Five Things I Wish I Knew Before Traveling in Europe

Having a “just go for it” mentality when it comes to traveling has gotten me really far in a lot of cases. However, it has also left me with the thought of, “if only I had known…” plenty of times. When you travel, you’re left vulnerable to making mistakes. After all, you’re in a new place, you're not as familiar to the customs, cultures and even languages and on top of that, you’re constantly making decisions to keep you safe and get you from point A to B. After I returned home from my four month trip through Europe, I made a mental list of the things I wished I’d known before traveling there. I hope that reading through them will help prepare you for an unforgettable journey through an amazing, history filled part of the world. Here are five things I wish I knew before traveling in Europe.

If You Get Sick, Don’t Avoid Medical Help

I don’t mean to start this list off with something so dire, but avoiding medical attention to dodge an overseas medical bill can be a dangerous mistake. If you get sick or injured during your eurotrip, start off by going to a pharmacy and getting a pharmacist’s opinion. In many cases, they can diagnose and give you medicine that you’d have to get a prescription for in the States. When I was in France, I got a stomach bug and was throwing up all night. The next morning, I went to a pharmacy and they gave me these little pink pills that literally cured me. The best part was that they were only 5 euros.

In some cases, the pharmacy won’t do and you’ll need to see a doctor, It’s best not to avoid that either. Unfortunately, this happened to me too while I was in Ireland. I had a cold that just wouldn’t go away and I kept avoiding a doctor’s visit, because I imagined it would be hundreds of dollars, which I just didn’t want to deal with. After my cough got so bad that I started to worry, I finally begrudgingly went to the nearest local doctor in Kilkenny to find out that the cost for a prescription of antibiotics and my doctor’s visit was 50 euros. Obviously, I would have rather avoided paying it, but it wasn’t the hole in my wallet that I thought it was going to be. Bottom line: don’t put off seeking medical attention when you travel, especially when you’re in a continent known for its health care. I promise, it’ll be a lot cheaper than ending up in the ER, because you didn’t seek medical help soon enough.

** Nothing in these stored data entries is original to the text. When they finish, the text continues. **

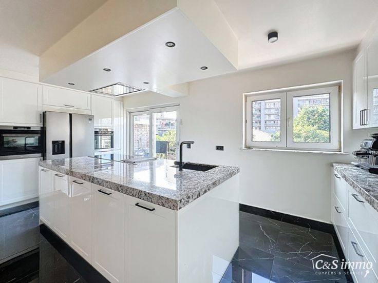 Deze prachtige bel-etage woning, gelegen aan de grens van Merksem en Schoten in een rustige, groene dreef, biedt u een perfecte combinatie van ruimte, comfort en elegantie. Bij het betreden van de woning op het gelijkvloers, vindt u een royale garage met plaats voor twee auto’s. Daarnaast bevindt zich hier een praktische technische ruimte, voorzien van een wasplaats en ingemaakte kasten. Een ruime kamer, momenteel in gebruik als slaapkamer, biedt veelzijdige mogelijkheden; deze kan eenvoudig worden omgetoverd tot een bureau of een ruimte voor een vrij beroep. De onderhoudsvriendelijke, zuidgerichte tuin vormt een ideale plek om te ontspannen en van de zon te genieten. Op de eerste verdieping wordt u verwelkomd door een ruime en lichte leefruimte met een moderne cinewall. De hoogwaardige A+ laminaatvloer geeft de woning een warme uitstraling. De volledig vernieuwde keuken is een parel voor elke kookliefhebber, uitgerust met een keukeneiland en alle moderne toestellen zoals een inductievuur, dampkap, dubbele koelkast met vriezer en ijsblokjesfunctie, microgolfoven, traditionele oven en vaatwasser. Het grote schuifraam geeft toegang tot zuidgericht terras, waar u kan genieten van de namiddagzon. De tweede verdieping herbergt een luxe badkamer met een hoekbad, inloopdouche, dubbele lavabo en toilet. Twee ruime slaapkamers bieden comfort en rust. Op de derde verdieping bevindt zich de royale masterbedroom, een oase van rust en ruimte. Deze instapklare woning is met zorg afgewerkt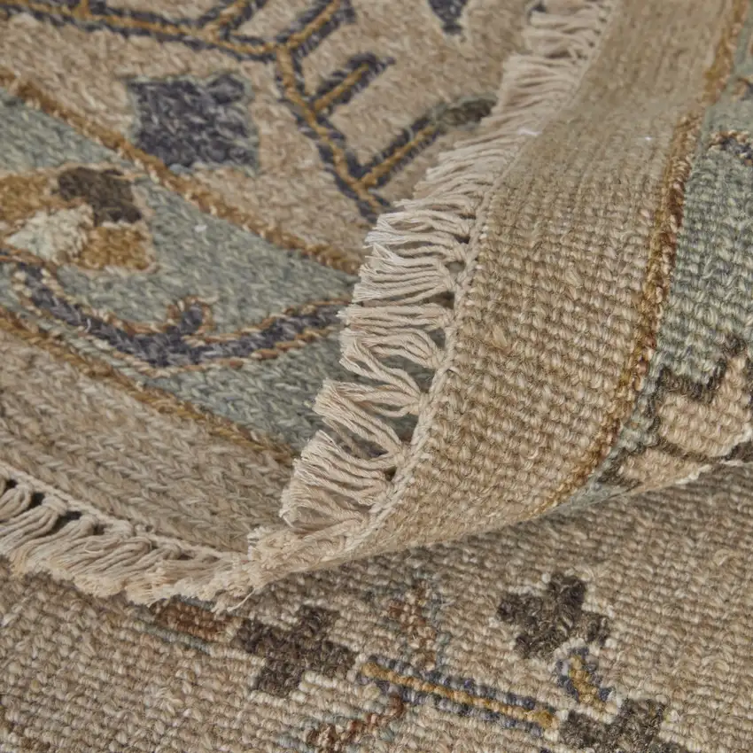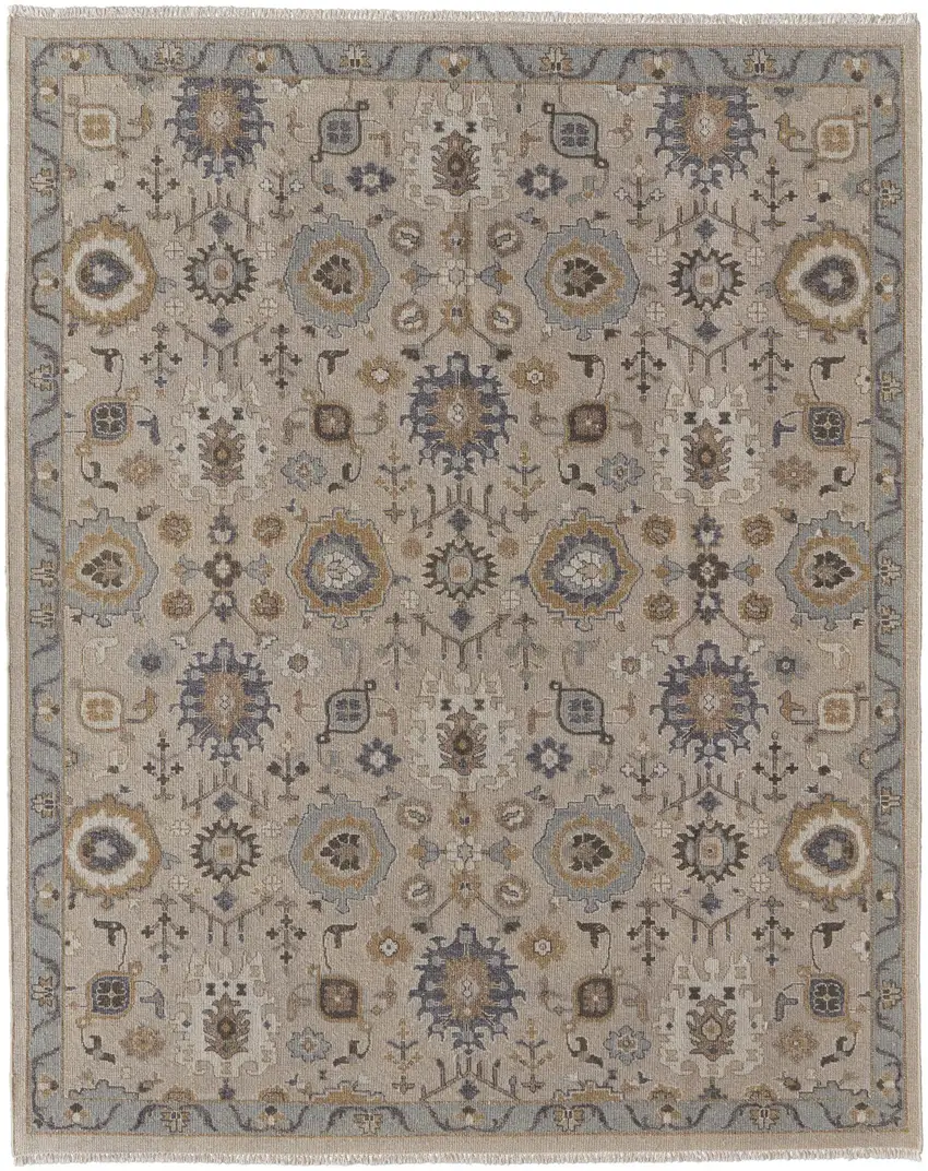 Tan Brown and Gray Wool Oriental Hand Knotted Area Rug With Fringe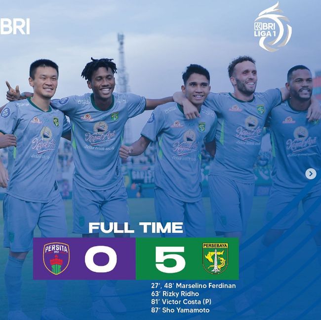 Gol lagi. Kali ini giliran Sho yang mencatatkan namanya di papan skor. Skor menjadi 0-5 untuk kemenangan telak Persebaya.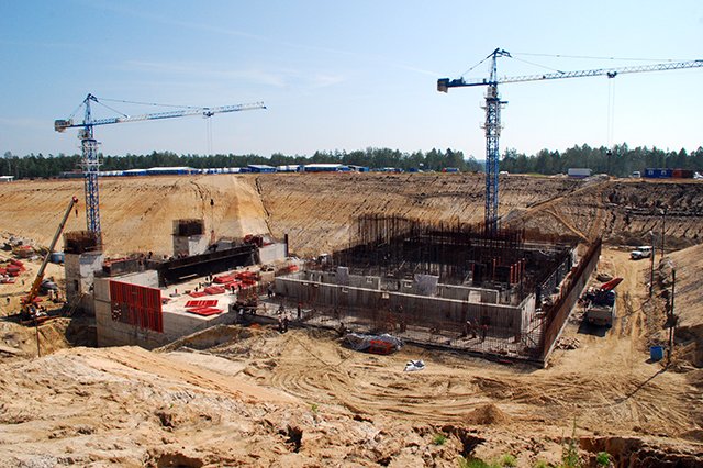 Лето 2013 года. Основные объекты стартового комплекса пока ниже уровня земли и еще не добрались до нулевой отметки. Строительство отстает от запланированных темпов.

Always Carry Cash With You

I’m so used to not having to worry about having cash on hand when in the US. I can easily go months without even touching a green bill with a ride a few taps of my smartphone away thanks to rideshare apps and only obscure places not accepting cards. However, things are a little different on the other side of the pond. Many places do in fact accept credit and debit cards, but there were more instances than I could count in which bars, restaurants, and even grocery stores wouldn't accept my VISA.

One occurrence in Amsterdam was particularly painful. I had finished unloading my cart full of groceries at a checkout stand, when I was told that it was cash only. I was directed to an ATM, but after several attempts to withdraw money, I had to accept  the fact that it was out of order and had no choice, but to embarrassingly leave empty-handed.

Bottom-line: you’re going to need cash a lot more when in Europe, so it’s best to always have some on hand. Don’t exchange any at an airport, but wait until you can find an ATM to get the best exchange rate. It’s also best to withdraw as big of a sum as the ATM will allow so that you minimize the number of ATM fees you rack up.

Be Prepared to Talk Politics

This was more exaggerated for me, because I was traveling in the middle of the US election cycle. Regardless, no matter how much you know or care about politics, be prepared to be asked about your political views and even personal questions you’re not exactly comfortable with.

If you’re not well-versed in politics, then I recommend taking the time to look at what’s happening in your country before traveling to Europe. Like it or not, people tend to expect you to know a lot about governmental decisions and how it’s affecting the world. Additionally, if your political views don’t match with someone else’s, don’t lose your cool, even if the other person seems to be taking out their frustration on you.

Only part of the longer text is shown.